New Features And Enhancements In Release 107.0.0
New Features And Enhancements In Release 107.0.0
Here is the list of the new features and enhancements.
Advanced Analytics
NS Library Dashboards
Dashboards and Widgets created in the past 90 days will show under the New folder.
Overview Page Update
With this enhancement, the followings use cases are observed:
- The default dropdown selection is Security Leader if the default dashboard is not set in the Overview page insight dropdown under Advanced Analytics.
- If Security Leader is not available in your tenant access, then you will have Top Cloud App Usage Insights by default unless any of the dropdown option is selected as default.
API Data Protection
New Netskope Introspection v2 App For OneDrive & SharePoint
API Data Protection has introduced a new version of the Netskope Introspection v2 app (v2.0.0.3). With this new app, Netskope now requests reduced permission for the ‘Social’ scope. To learn more about the scope: Prerequisites To Configure Microsoft Office 365 OneDrive for API Data Protection (the table that lists the scopes). Existing customer can upgrade from v2.0.0.1 to v2.0.0.3 app. New customers will now need to install the v2.0.0.3 app.
To upgrade:
- Remove the v2.0.0.1 app. To remove the app, follow the steps documented here. Though the article mentions v1 app, the steps to remove the v2.0.0.1 app are the same.
- Install the v2.0.0.3 app.

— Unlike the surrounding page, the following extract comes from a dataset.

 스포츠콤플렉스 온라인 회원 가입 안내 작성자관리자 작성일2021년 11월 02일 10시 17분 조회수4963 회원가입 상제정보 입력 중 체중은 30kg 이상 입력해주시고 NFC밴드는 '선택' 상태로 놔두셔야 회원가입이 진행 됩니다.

Follow the steps documented here. Though the article mentions v2.0.0.1 app, the steps to install the v2.0.0.3 app are the same.

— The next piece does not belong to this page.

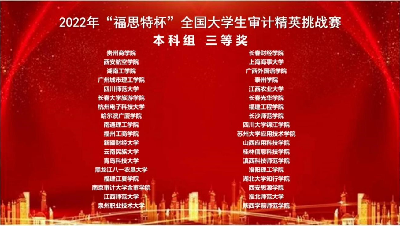11月26日,由中国审计学会审计教育分会主办,南京审计大学政府审计学院承办的第五届“福思特杯”全国大学生审计精英挑战赛于云端落下帷幕。本次大赛共有来自全国340所院校的390支队伍参加,其中研究生组72支代表队,本科组258支代表队,高职组60支代表队。我校由经济管理学院潘媛、王玥老师指导的财务管理专业邵睿思、刘栋波、刘映雪三位同学组成的参赛队,经过激烈角逐,最终荣获全国本科组三等奖一项。

New customers can directly download the v2.0.0.3 app from here and install the app. Follow the steps documented here.
New UI State Of Various Supported Features
In continuation to the deprecation of malware instance table in release 105.0.0, Netskope has rolled out a new UI table where the administrator can view the status of various supported features for each SaaS app. To view the status, navigate to Settings > Configure App Access > Classic > SaaS.
Behavior Analytics
Rule Scenario Label
Advanced UEBA shows a key detection scenario label for every user with low User Confidence Index (UCI) score. This enables a SOC analyst to quickly isolate the highest risk scenario for the user that needs investigation. UBA anomalies for a user shows the corresponding detection scenarios as seen in Behavior Analytics policies.
CASB Real-time Protection
GCP Storage Constraint Support
Enhanced the Google Cloud Storage app connector to support From Storage and To Storage constraints for the Copy activity. This allows enforcement for file/object movement through the Copy operation only to specified allowlists of storage buckets. Thus, preventing data exfiltration through Copy operations to unsanctioned buckets.
Multipart Upload Support
Added Multipart Upload to Adobe Creative Cloud application. With this support, even if the file is chunked into parts, the entire file content will be sent for inspection.
GCP App Connectors For API traffic
The new 140+ GCP app connectors covers API and CLI traffic to GCP services. Out of these 140+ connectors only 30 have been given a CCI score. The remaining GCP connectors are in the CCI research pipeline and will be given a score in subsequent realeases. For the existing GCP Cloud Storage app, both API/CLI and Browser traffic are now supported.
GCP Connectors with CCI Score
- GCP Key Management Service (KMS)
- GCP Resource Manager
- GCP Run Admin
- GCP TPU
- GCP Life Sciences
- GCP Identity and Access Management (IAM)
- GCP Kubernetes Engine
- GCP Service Directory
- GCP Spanner
- GCP Identity-Aware Proxy
- GCP Engine Admin
- GCP Storage
- GCP BigQuery
- GCP Apigee
- GCP Dialogflow
- GCP Datastore
- GCP Dataflow
- GCP Dataproc
- GCP Pub/Sub
- GCP Firestore
- GCP Deployment Manager V2
- GCP Datastream
- GCP Tag Manager
- GCP Compute Engine
- GCP VM Migration
- GCP Assured Workloads
- GCP Asset
- GCP Composer
- GCP DNS
- GCP Functions
To learn more details about individual connectors and associated activity coverage: Supported GCP Entities for Real-time Protection
Reverse Proxy as a Service for Appsheet
Added reverse proxy as a service (RaaS) to manage and control the usage of Appsheet application by un-managed devices. Admin can define policies to control control activities like share, create, and more.
Prerequisites: Google account should have been configured to Netskope SAML Proxy / Reverse Proxy. Reverse Proxy as a Service for AppSheet.
New Generative AI Connector Support With Activity Controls
Added the following four new App Connector for Apps with Generative AI capabilities:
- HeyGen
- Jasper
- Notion AI (part of Notion)
- Bing AI (part of Microsoft Bing)
Critical activities like Post, Upload and Download are covered with these connectors to monitor and prevent data exfiltration.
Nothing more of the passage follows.